Entgegen der Klagebegründung lassen die Randbemerkungen des Erstkorrektors - dessen Feststellungen sich der Zweitbewerter angeschlossen hat - auf Seite 9 und 10 der Klausur („ergibt sich hieraus schon eine gegenwärtige Gefahr?; weitere Übertretungen sind nicht angekündigt worden!; hier Raser?; warum ist dann Motorrad zurückgegeben worden?“) nach Auffassung der Kammer in noch ausreichender Weise zu erkennen, weshalb die Korrektur bei dem zugrundeliegenden Sachverhalt die Annahme einer gegenwärtigen Gefahr im Sinne des Art. 25 Nr. 1 PAG für nicht vertretbar erachtete. Soweit demgegenüber der Kläger für sich reklamiert, sein Lösungsweg sei brauchbar und vertretbar, hätte dies erfordert, klarzustellen, in welchen konkreten Einzelpunkten die Korrektur nach seiner Auffassung Fehler aufweist. Eine bloße Wiederholung des eigenen Standpunktes sowie der Hinweis auf den allgemein existierenden Beantwortungsspielraum eines Prüflings reichen nicht aus. Zu einer substantiierten Bewertungsrüge gehört, dass der Kläger mit konkreten Hinweisen plausibel darlegt, die fachwissenschaftliche Beurteilung des Prüfers müsse einem Fachkundigen als unhaltbar erscheinen, oder in gleicher Weise erläutert, dass von ihm eine vertretbare, mit gewichtigen Argumenten folgerichtig begründete Lösung erbracht worden sei. Die fachwissenschaftliche Richtigkeit oder Vertretbarkeit einer Lösung muss mit Hilfe objektiver Kriterien einsichtig gemacht werden. Dies erreicht der Prüfling bei einer juristischen Staatsprüfung durch Bezug auf qualifizierte fachwissenschaftliche Äußerungen im Schrifttum oder Entscheidungen aus der Rechtsprechung. In der Klausur auf Seite 10 oben wird zwar auf eine bayerische Rechtsprechung in vergleichbaren Fällen verwiesen, gleichwohl enthält weder das Vorbringen des Klägers im Nachprüfungsverfahren noch im Rahmen der Klagebegründung näher spezifizierte Anhaltspunkte oder Fundstellen, die als Belege für die Vertretbarkeit seines Lösungsansatzes nach den oben genannten Kriterien Berücksichtigung finden könnten.

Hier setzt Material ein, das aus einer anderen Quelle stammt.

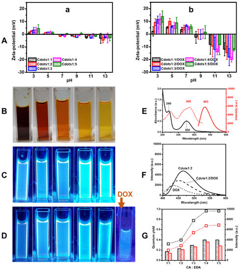 From the emission spectra of both Cdots1:x and Cdots1:x/DOX, quantum yields were calculated and plotted in Figure 3g in comparison with the variation of fluorescence intensities. When the molar ratio of CA:EDA increased from 1:1 to 1:5, the quantum yield of Cdots gradually increased, and the highest quantum yield at 0.40 was obtained as the molar ratio was 1:4. This result qualitatively agreed with a previous report in which Cdots were prepared by a hydrothermal method using different molar ratios of L-ascorbic acid and urea (from 1:1 to 1:8) [19,37]. These results indicate that the nitrogen doping in Cdots plays an important role in their optical properties. After loading DOX, the quantum yields slightly decreased due to quenching by DOX, suggesting the π-π stacking interaction of the aromatic group of DOX with the graphitic structure of Cdots. These tendencies were seen alongside the behaviors of emission intensities.
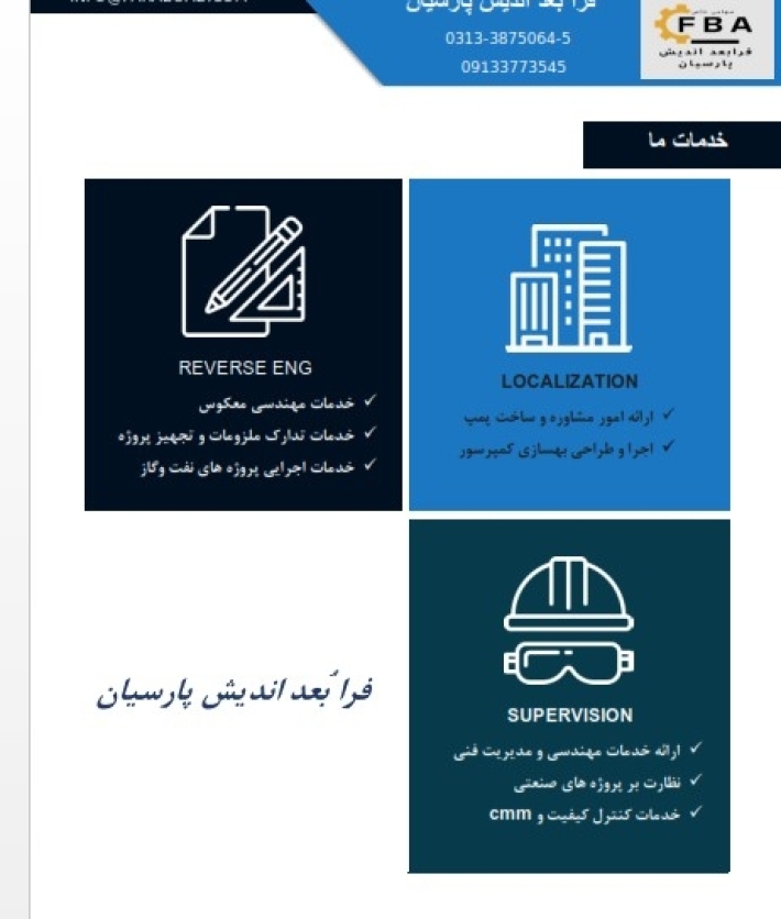 مهندسی معکوس و ساخت قطعات دوار و ثابت تجهیزات نفت و گاز و پتروشیمی. یدکی کمپرسورها، پمپ ها ،انواع ولوها و مکانیکال سیل، با رعایت دقیق استانداردهای بینالمللی.
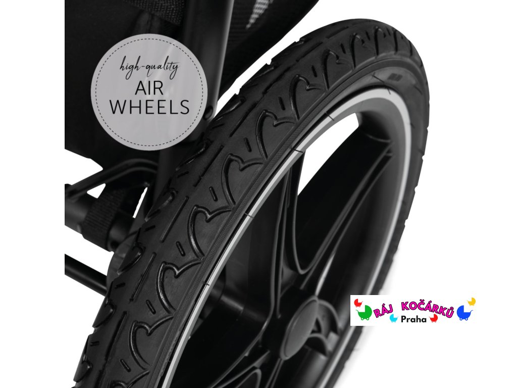 Robustní terénní kočárek // Vyrazte ven s tímto terénním fešákem za rodinným dobrodružstvím. Extra velká nafukovací kola zaručí jízdu s minimem otřesů. Kočárek díky otočnému kolu mistrovsky zdolá úzké zatáčky.
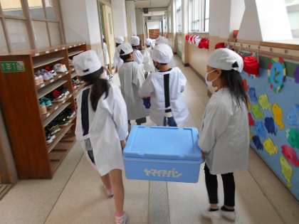 給食当番3回目の1年生!ふたりで協力して運びます。
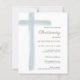 Budget Simple Dusty Blue Cross Boy Christening Baptism Invitation
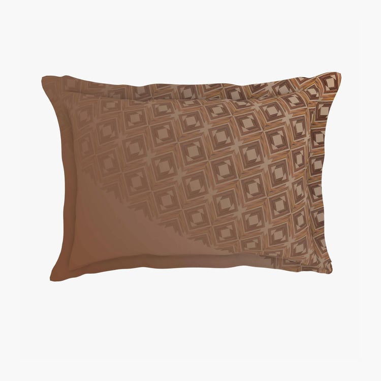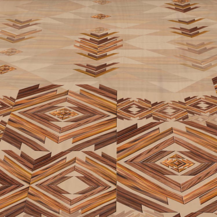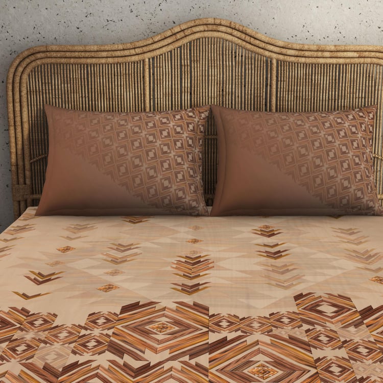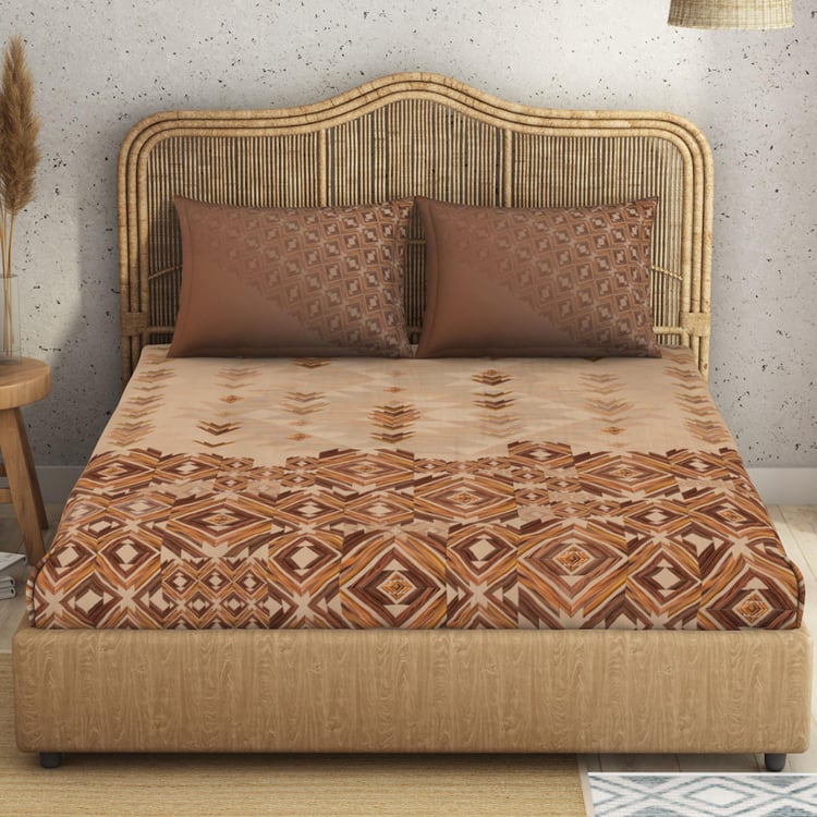 SPACES Urban Organic Brown Printed Cotton Large Bedsheet Set - 3Pcs

Ohne Erfolg bemängelt der Kläger, die fehlenden Ausführungen zu den Rückforderungsansprüchen seien als Fehler gewertet worden. Dies sei jedoch nicht korrekt, weil es bei der Annahme einer rechtmäßigen Sicherstellung und folglich einem rechtmäßigen Kostenbescheid gerade zu keinem Rückforderungsanspruch komme. Doch selbst wenn dem Kläger insoweit ein Folgefehler zugutegehalten werden kann, so hätte doch Veranlassung bestanden, auf diese Problembereiche einzugehen, weil hiernach ausdrücklich im Sachverhalt gefragt wurde (S. 2 des Aufgabentextes, Aussage des Mandanten: „Das Geld will ich wiederhaben!“) und gemäß der Aufgabenstellung zu allen aufgeworfenen Rechtsfragen einzugehen war. Das Fehlen entsprechender Ausführungen konnte daher von den Korrektoren zu Recht negativ bewertet werden.

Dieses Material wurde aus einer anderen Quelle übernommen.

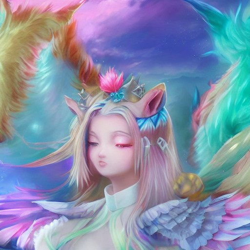 Some key words : colorful, fantasy, surrealistic highly detailed, halfbody cgi digital art, smiling, kitsune vixen princess, holy angel, spirit blossom ahri aerith, fluffy soft fox ears and hair.
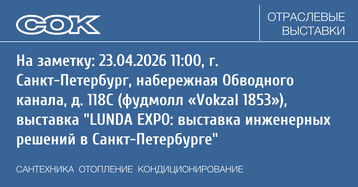 Выставка инженерных решений LUNDA EXPO (ЛУНДА ЭКСПО) пройдет в Санкт-Петербурге 23 апреля 2026 года совместно с производителями Termoclip, Mr. Bond, Tecofi, Tatpolimer, Броен, Oventrop, EKF, Zota, Arrowhead, Gidruss, Zont, Эван, LD, SFA, Теплолюкс, Neptun, Isoterm, VitrA, Huch EnTEC, Rommer, Stout, Ридан, Gala, ADL, Navien, Vandjord, Shinhoo, Usystems, Sanha / Зана, VIRPlast, Wirquin, Конкреп, Ostendorf, Фламко, Astrex, Gidrolock, Rothenberger, Voll, IMP Pumps, MVI, Giacomini, Рехау, KZTO Radiator, K-Flex, Rols Isomarket, Protherm, Vaillant, Wilo, Native, Krats, KERAMA MARAZZI, Сантехмастер Групп, Pro Aqua.
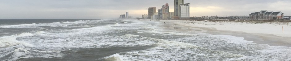The weather is definitely changing. Our weather app says it’s 68F here today but with the humidity and the winds it felt cold. So, what to do? A movie sounds good, so we met Lois at the The Wharf and went to see The Revenant. After that Lois returned to her condo, but we wanted to see what was happening at the beach so we stopped at the Gulf State Park Pier before going home. The wind was keeping the flags flying strong. The US Flag was flying at half-staff in honor of Nancy Reagan. The Alabama State Flag was flying at half-staff for, I assume, long-time Gulf State Park Superintendent, Hugh S Banyon, who passed away a few days ago. The red and purple flags are high-hazard beach warning flags.

Ebenfalls ohne Erfolg wird als fehlerhaft gerügt, dass die Prüfer im Rahmen der Zulässigkeitsprüfung hinsichtlich des Klageantrags zu 1) nur eine Fortsetzungsfeststellungsklage gemäß § 113 Abs. 1 Satz 4 VwGO analog als statthafte Klageart anerkennen und nicht auch die vom Prüfling gewählte Anfechtungsklage gemäß § 42 Abs. 1 1. Alternative VwGO, obwohl der Kläger im Rahmen der Prüfung der Statthaftigkeit auf Seite 3 der Klausur voranstellt, dass er das Rechtsschutzziel des Mandanten, nämlich die Prüfung der Rechtmäßigkeit der Sicherstellung inzident in der Begründetheit der Anfechtungsklage prüfen werde.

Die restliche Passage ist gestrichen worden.